In the files, the 2H NMR order parameters are saved as comma-separated values, where the first column is the number n of the order parameter (2...16), and the second column is the order parameter S.

The names have the following form:

PAPERTAG_MOL1_MOL2_MEMB_P1_P2_PM_TEMP_wtXX.txt,

where:

PAPERTAG - is the reference tag assigned to the paper the data was acquired for. This can be found in the supplementary information.
MOL1 - TAG of the first molecule, 0 if no molecule was used
MOL2 - TAG of the second molecule, 0 if no molecule was used
MEMB - TAG of the membrane, here only POPC
P1 - molecular ratio of first molecule (between 0 and 1)
P2 - molecular ratio of second molecule (between 0 and 1)
PM - molecular ratio of membrane (between 0 and 1)
TEMP - Temperature this measurement was recorded at in Kelvin
wtXX - water content of the sample in weight% (wt01-wt99), or wtNULL if unknown

There is also the file DB_order_parameters_POPC.csv, which is the database file that is used in training.

graph_modules

In here, you have the .py files of the four model architectures A, B, C and V, as well as a quick description file.
Each file contains the following hardcoded parameters:

NO_GRAPH_FEATURES_ONE - number of global features in first stage GN
NO_GRAPH_FEATURES_TWO - number of global features in second stage GN

NO_EDGE_FEATURES_ONE - number of edge features in first stage GN
NO_EDGE_FEATURES_TWO - number of edge features in second stage GN

NO_NODE_FEATURES_ONE - number of node features in first stage GN
NO_NODE_FEATURES_TWO=NO_GRAPH_FEATURES_ONE - no. global features of first stage is == no. node features of second stage

ENCODING_NODE_1 - no. of units in final MLP layer that encodes node features in stage 1
ENCODING_EDGE_1 - no. of units in final MLP layer that encodes edge features in stage 1
ENCODING_EDGE_2=NO_EDGE_FEATURES_TWO - no. of units in final MLP layer that encodes temperature and mol% information

HIDDEN_NODE_ONE,HIDDEN_NODE_TWO - no. of hidden units per linear layer in node MLP stage 1/2
HIDDEN_EDGE_ONE,HIDDEN_EDGE_TWO - no. of hidden units per linear layer in edge MLP stage 1/2 HIDDEN_GRAPH_ONE,HIDDEN_GRAPH_TWO - no. of hidden units per linear layer in global MLP stage 1/2

In each file, the Node, Edge and Global models for both the first and second stage graph network are defined, and then the graph neural network is constructed. The full graph net is a class with the name GNN_FULL_CLASS. You can import the architecture into another script by running (for example):

from graph_modules.graph_net_V import GNN_FULL_CLASS

misc_modules

There are four .py files in this directory: data_loader.py, load_graph_data.py, plotter.py and train_and_evaluate.py.
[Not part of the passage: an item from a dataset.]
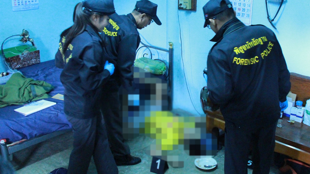 ภายในห้องพัก พบเป็นชายนอนหงายตกอยู่ข้างเตียง ขาพาดอยู่กับที่นอน สวมเสื้อสีเหลือง กางเกงขาสั้นสีครีม ทราบชื่อ นายสำเภา ชัยหา อายุ 63 ปี บนเตียงพบปืนออโตเมติกไม่ทราบยี่ห้อ ขนาด 7 มิลลิเมตร ตกอยู่ พร้อมซองพกหนังสีดำ บริเวณข้างลำตัวพบกระสุนที่ยังไม่ได้ใช้งานตกอยู่ 1 นัด และปลายเตียงยังพบปลอกกระสุนที่ยิงแล้ว ตกอยู่อีก 1 นัด ใกล้กัน พบขวดสุราขาวหลายขวด ที่ดื่มแล้ว และจานข้าว พร้อมถุงยาจากโรงพยาบาลปราณบุรีจำนวนหนึ่งวางอยู่บนเก้าอี้ไม้ยาว สภาพศพมีบาดแผลถูกยิงบริเวณศีรษะ ที่ขมับขวา เป็นรูทะลุซ้าย 1 นัด ตรวจสอบตามร่างกายไม่พบร่องรอยการถูกทำร้ายแต่อย่างใด เสียชีวิตมาแล้ว ไม่ต่ำกว่า 12 ชม. เบื้องต้นสันนิษฐานว่า ผู้ตายอาจอยู่คนเดียว เกิดอาการซึมเศร้า ประกอบด้วยอาการเจ็บป่วยโรคต่างๆ จึงน้อยใจคิดสั้น ใช้ปืนยิงจ่อขมับฆ่าตัวตาย

data_loader.py is used to mini-batch data for parallel processing. This most likely needs to be modified, as the current version fails with numbers of datapoints that are not multiples of BATCH_SIZE

load_graph_data.py is used when graphs have been generated, and to load the graphs

plotter.py contains all plotting functions, that later plot errors, losses, and prediction results

train_and_evaluate.py contains functions for training and evaluation functions NOTE: Those are currently not used in the main_train_script.py, due to occuring errors. However they provide you a good starting point to write your own train functions.

Datasets

As mentioned, data and the dataset are stored in data. The dataset to run main_train_script.py is data\DB_order_parameters_POPC.csv.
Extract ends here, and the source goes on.